シャネルの5番
旧盆のおわりの夜、ふと思い立って香水を部屋にふきかけた。
ミストがふわっとひろがって、いつも愛用するアロマとは違う、
「パルファム」の香を感じたときに、
ずっと前に亡くなった、母方の伯母のことを思い出した。
不思議な縁で、
私はもうすこしでその伯母と同じ名前になりそうだったそうだ。
父方の祖父が小説家の三浦綾子のファンで、その夫がまた聡明なすばらしい方なのだが、なぜか祖父は「綾子」でなくて、三浦綾子の夫の名前を名づけようとしたらしい。
そしてそれは伯母と同じ名前だった。
その伯母と私が過ごせた時間はあまり多くはなかったけれど、
幼くてあかぬけない私の爪に、ワインレッドのマニキュアを塗ってくれたのを
今でもよく覚えている。
化粧っけのない母と違い、伯母は派手好みの装いで華があり、子供心に憧れていた。
母性と男性性というイメージの私の母と違って、
私にとって伯母は「大人の女性」という存在だった。
私が大人になったある日、
母が伯母のことで、いままで知らなかった話をした。
伯母は派手な印象であったから、その田舎の空気が肌にあわなかったのだろう、
ある出来事を起こして(それはよく聞く話ではあるのだけど)
祖母をたいへん悲しませたのだという。
母はそのことで伯母のことを当時嫌悪していたと言っていて、私は母のそんな側面にすこし驚いた。(形見の服やアクセサリーを大事にしているし、今はそういう感情も薄れているようだけれど)
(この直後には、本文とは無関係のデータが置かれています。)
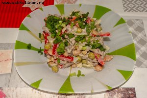 Полученную начинку тщательно перемешайте и наполните ею маринованный перец. Уложите его в форму и посыпьте тертым сыром. Запекайте в духовке 5-7 минут при средней температуре. Подавайте, полив майонезом и украсив веточками укропа.

そして母はその話をすることで、私の女性性の発露のようなもの、そういう行動に、明確に、釘を刺したのだ。
祖父が私に名づけようとしたとき、母は「伯母と同じ名前だから」とやんわりと断ったのだという。私は伯母と同じ名にはならなかったし、同じ道は歩まなかった。
でも心のどこかに、伯母がいる。
幼いあのとき、爪を赤く塗ってもらった時間のこと、なんだか秘密にしておきたいような高揚感を覚えている。
シャネルの5番の香りに、祖母を悲しませてまでも、自分の心に従ったのであろう、伯母の生涯を偲んだ。